Methods: This systematic review (SR) examines the relationship between vitamin D and the reduction of cancer risk and mortality, and the mechanisms involved in cancer prevention. This SR followed the PRISMA and PICOS guidelines and synthesized evidence from relevant studies.

Results: Beyond genomic actions via calcitriol [1,25(OH)2D]-receptor interactions, vitamin D exerts cancer-protective effects through mitigating inflammation, autocrine, paracrine, and membrane signaling. The findings reveal a strong inverse relationship between serum 25(OH)D levels and the incidence, metastasis, and mortality of several cancer types, including colon, gastric, rectal, breast, endometrial, bladder, esophageal, gallbladder, ovarian, pancreatic, renal, vulvar cancers, and both Hodgkin’s and non-Hodgkin’s lymphomas. While 25(OH)D levels of around 20 ng/mL suffice for musculoskeletal health, maintaining levels above 40 ng/mL (100 nmol/L: range, 40–80 ng/mL) significantly lowers cancer risks and mortality.

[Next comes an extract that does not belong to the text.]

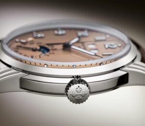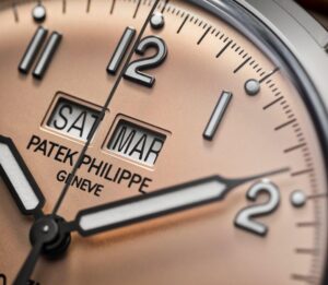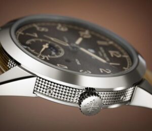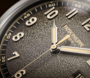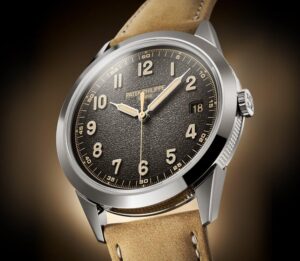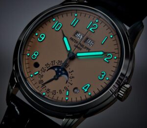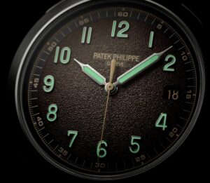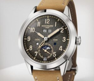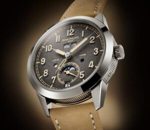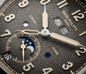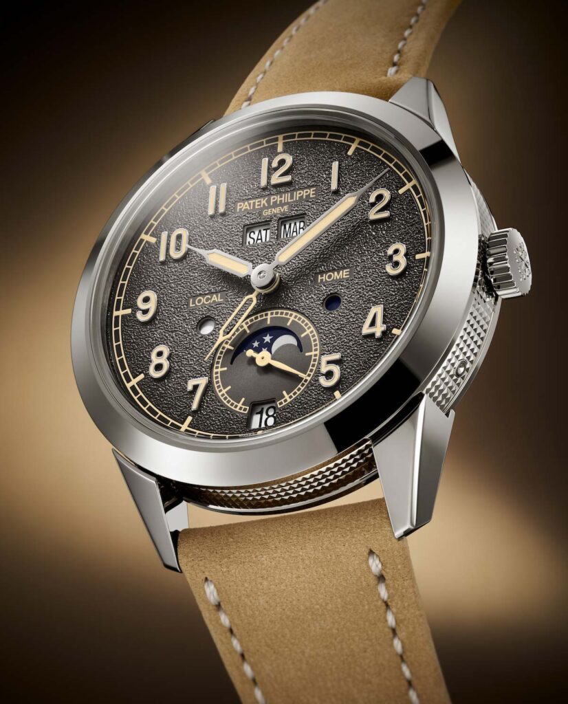 Patek Philippe впервые сочетает в себе запатентованный годовой календарь и систему отображения времени в пути. Техническая оригинальность этого годового календаря заключается в том, что в нем всегда указывается точная дата по местному времени. Чтобы обеспечить эту оригинальную функциональность, инженеры разработали новый механизм с автоматическим подзаводом и механизмом времени в пути, управляющим годовым календарем и обеспечивающим коррекцию даты как в прямом, так и в обратном направлении. На калибр 31-260 PS QA LU FUS 24H было подано не менее восьми патентных заявок, касающихся элементов, повышающих точность, эффективность, надежность, безопасность и удобство использования. Эта модель поставляется в новом футляре типа Calatrava, обрамленном гильошированным узором Clous de Paris. Циферблат в винтажном стиле отличается антрацитовым цветом и слегка зернистой фактурой, напоминающей старинные фотоаппараты. Этот новый артикул сочетается с двумя сменными ремешками: один из бежевой телячьей кожи с отделкой из нубука, а другой из черной телячьей кожи с тисненым мотивом из ткани и бежевой строчкой.

Conclusions: While many observational studies support vitamin D’s protective role in incidents and deaths from cancer, some recent mega-RCTs have failed to demonstrate this. The latter is primarily due to critical study design flaws, like recruiting vitamin D sufficient subjects, inadequate dosing, short durations, and biased designs in nutrient supplementation studies. Consequently, conclusions from these cannot be relied upon. Well-designed, adequately powered clinical trials using appropriate methodologies, sufficient vitamin D3 doses, and extended durations consistently demonstrate that proper supplementation significantly reduces cancer risk and markedly lowers cancer mortality.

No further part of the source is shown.